Recent rhetoric emerging from Tripoli exhorts Islamic fundamentalists to keep fighting, as dying in battle for their God is the greatest honour.
MI6 have been working hard to find a solution to this depth of extremism, and they have come up with the idea of weapons made entirely of pork.
Spokespersonnage James Bond explained, "They believe in sacrifice, but they also think they'll go to hell if they have pork in their stomach. The solution? Pork bullets."
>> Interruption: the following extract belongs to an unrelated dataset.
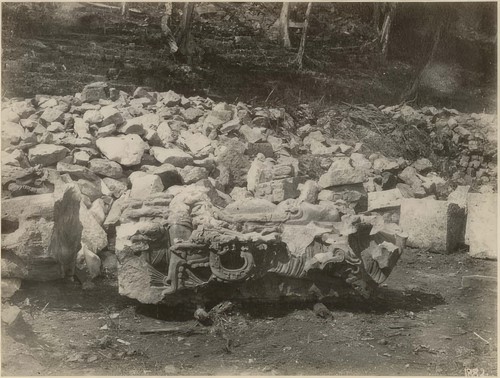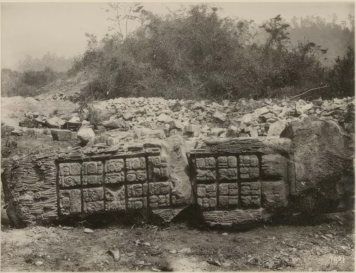 Step from hieroglyphic stairway Copan Album: Volume 10, Page 28; Written on page: "Step from hieroglyphic …
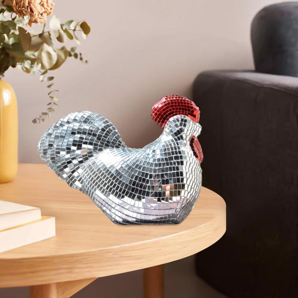 Hühnerfigur Spiegelkugel Skulptur Dekoration Glasverarbeitung Glänzende Oberfläche für Zuhause

We understand that there have been overnight raids by Apache helicopters, literally carpet-bombing Gadaffi's compound with pork chops. Bombing has also been backed up by specially adapted machine guns which can fire spicy sausages at up to 700 rounds a minute.
"We're calling the Apaches 'Helichopters'," Bond says. "When there's even a sniff of pork in the sky all Libyan fighters are nowhere to be seen."
However, it hasn't all gone smoothly as there are reports of cases where Libyan rebels have been caught up in friendly fire. Wikileaks have revealed footage of mortars lobbing pork loins into a village in a case of misteaken (sic) identity. And in an attempt to emulate suicide bomber's methods, SAS operatives have caused terror by running into local mosques with 20 pounds of pork sausages strapped to their chests.